*** Opening INPUT ***

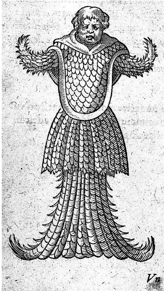
Monstre marin tiré de l'ouvrage de Guillaume Rondelet – 1555
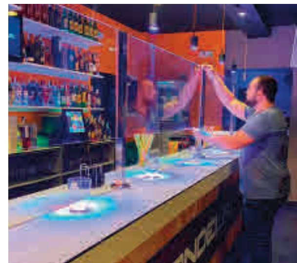
Local de ocio nocturno en Madrid

Habrà que establecer en el interior los espacios que ocuparán los diferentes grupos que accedan al interior y se recomienda emplear vasos desechables y priorizar el pago con tarjeta de crédito. La barra se tendrá que organizar para que no se produzcan aglomeraciones.
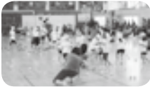
どっちが沢山入るかな？
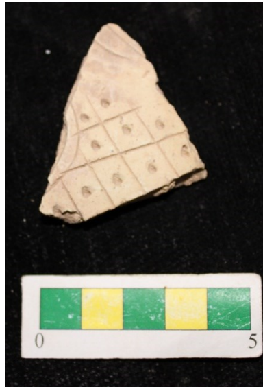
تصویر ۲۰- سفال با نقش کنده حصیری، محوطه جیزد.

گروه ۱۹- گروه دیگری از سفالها، سفال با نقش افزوده است که ۱ نمونه از این نوع سفال در جریان بررسی محوطه بدست آمد (تصویر ۲۱).
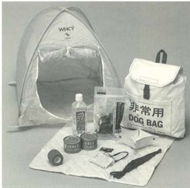
用意しておきたい愛犬用非常持ち出し袋。中には緊急避難時に役立つ簡易折りたたみテントなど9アイテムが。防災教・9セット(for DOG) ¥15,750/ウォームハートカンパニー

前ページでも災害時に役立つグッズを紹介したが、犬用グッズを手がけるブランドやショップもさまざまな防災グッズを扱っている。とくに防災バッグは、内容にはそれぞれ違いがあるものの、リード&カラーや簡易テント、携帯用食器など、どれも非常時に必要となるアイテムが揃っており、素早く避難の準備ができる。 また迷子札やロケットなど愛犬の身元を知らせるためのグッズも必需品。「犬ごころ」ではQRコードを入れた迷子札もあり、携帯でコードを読み取れば連絡先などの情報を知ることができるようになってきている。個人情報情報のセキュリティを考えた、新しいかたちのIDタグだ。 災害への不安を軽減してくれる防災グッズのあれこれ。不測の被災に備えて、ぜひ身近に用意しておきたい。
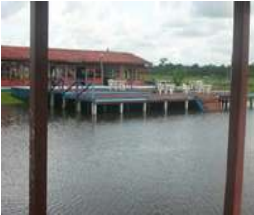
Figura 4: Hotel Fazenda Marajaponga -
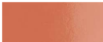
laccato palissandro rosewood lacquered
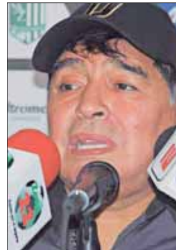
Vale recordar que Diego Armando pisó el campo del “Coruco” Díaz en su paso por el fútbol mexicano
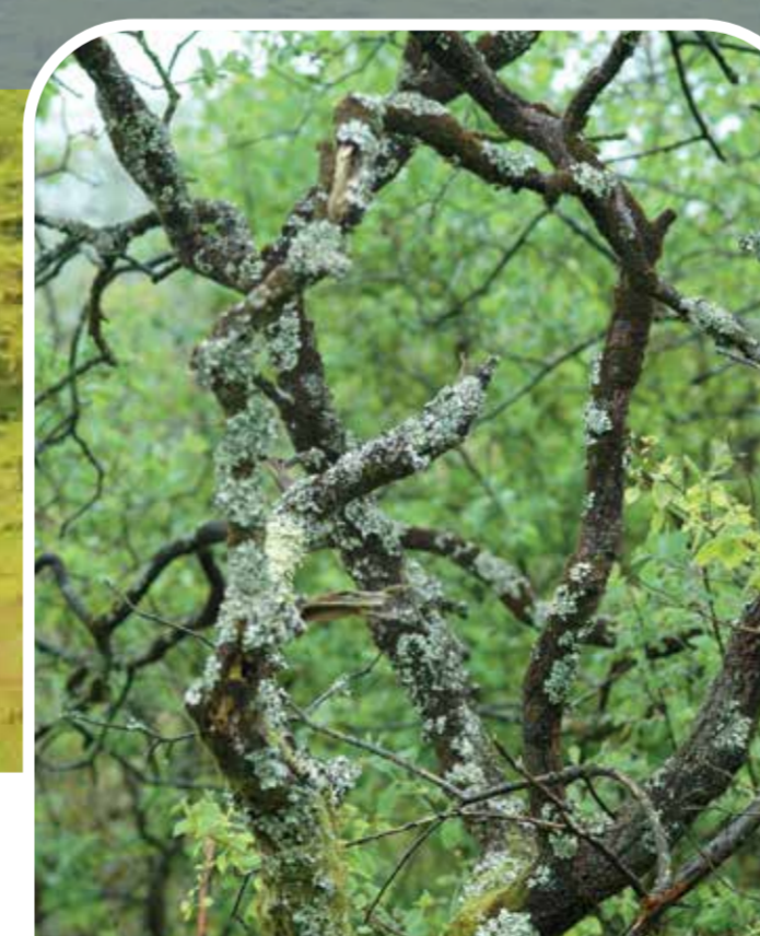
cennau | lichens

Because of the rich pickings offered here, birds of prey are attracted frequently, including buzzards, kestrels, sparrowhawks and barn owls.
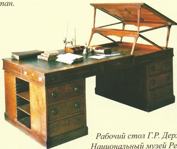
Рабочий стол Г.Р. Державина Национальный музей Республики Татарстан.

В 1934 году на основании приказа директора библиотеки Казанского государственного университета от 29 июня 1934 года за № 392 мемориальный комплекс Державина стол, кресло и чернильница были переданы в Центральный музей Татарской республики.
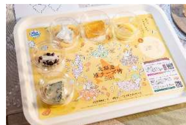
「セレクト5」「セット5」の提供イメージ

各出店社オススの全46種の地チーズの中から、お好みに合わせて5種類を選択できます。
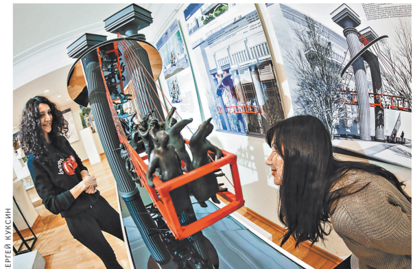
Создание макетов будущего памятника москвичи уже знакомятся в здании Союза архитекторов России.
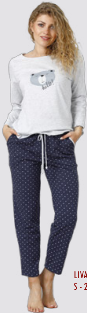
LIVANA 928 S - 2XL
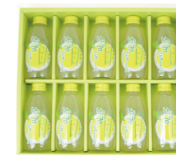
ゆずジュースセット
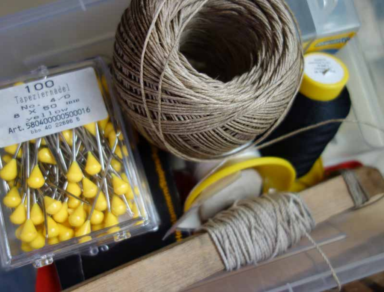
Arbeitsmaterial im Seminar Sitzwerk.
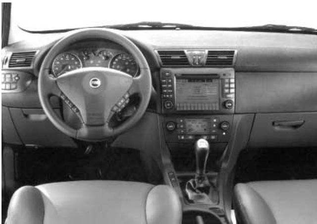
Das Armaturenbrett wirkt aufgeräumt. Die hochwertigen Kunststoffe fühlen sich angenehm an.
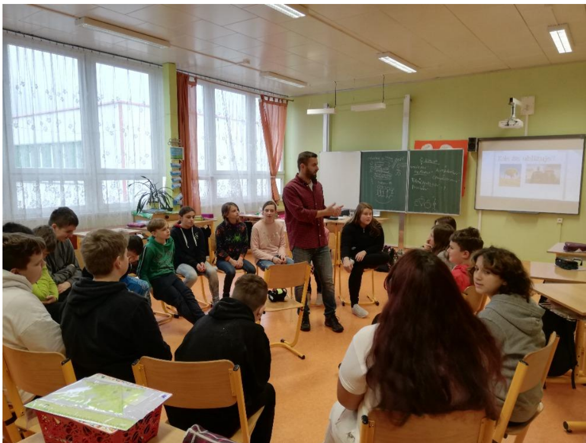
Projektové dny s ACERem
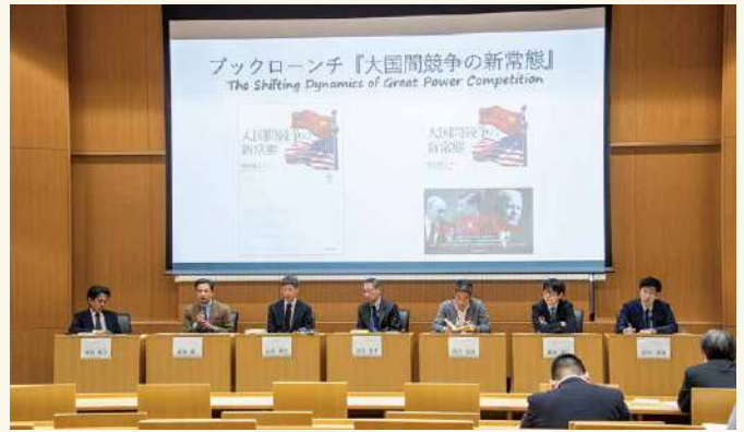
NIDSパースペクティブのブックローンチ風景 2023年4月 Book Launch Scene of NIDS Perspective (April 2023)
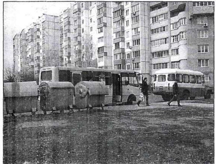
Стан пішохідної зони на вулиці Академіка Линника сьогодні

*** Closing INPUT ***

#### DIRECTIONS FOR THIS TASK:
No pictures should appear in the copy. Reproduce exactly the lines from the line containing "cennau | lichens" through the last line of the data, inclusive.

#### COMPLETED TASK:
cennau | lichens

Because of the rich pickings offered here, birds of prey are attracted frequently, including buzzards, kestrels, sparrowhawks and barn owls.
Рабочий стол Г.Р. Державина Национальный музей Республики Татарстан.

В 1934 году на основании приказа директора библиотеки Казанского государственного университета от 29 июня 1934 года за № 392 мемориальный комплекс Державина стол, кресло и чернильница были переданы в Центральный музей Татарской республики.
「セレクト5」「セット5」の提供イメージ

各出店社オススの全46種の地チーズの中から、お好みに合わせて5種類を選択できます。
Создание макетов будущего памятника москвичи уже знакомятся в здании Союза архитекторов России.
LIVANA 928 S - 2XL
ゆずジュースセット
Arbeitsmaterial im Seminar Sitzwerk.
Das Armaturenbrett wirkt aufgeräumt. Die hochwertigen Kunststoffe fühlen sich angenehm an.
Projektové dny s ACERem
NIDSパースペクティブのブックローンチ風景 2023年4月 Book Launch Scene of NIDS Perspective (April 2023)
Стан пішохідної зони на вулиці Академіка Линника сьогодні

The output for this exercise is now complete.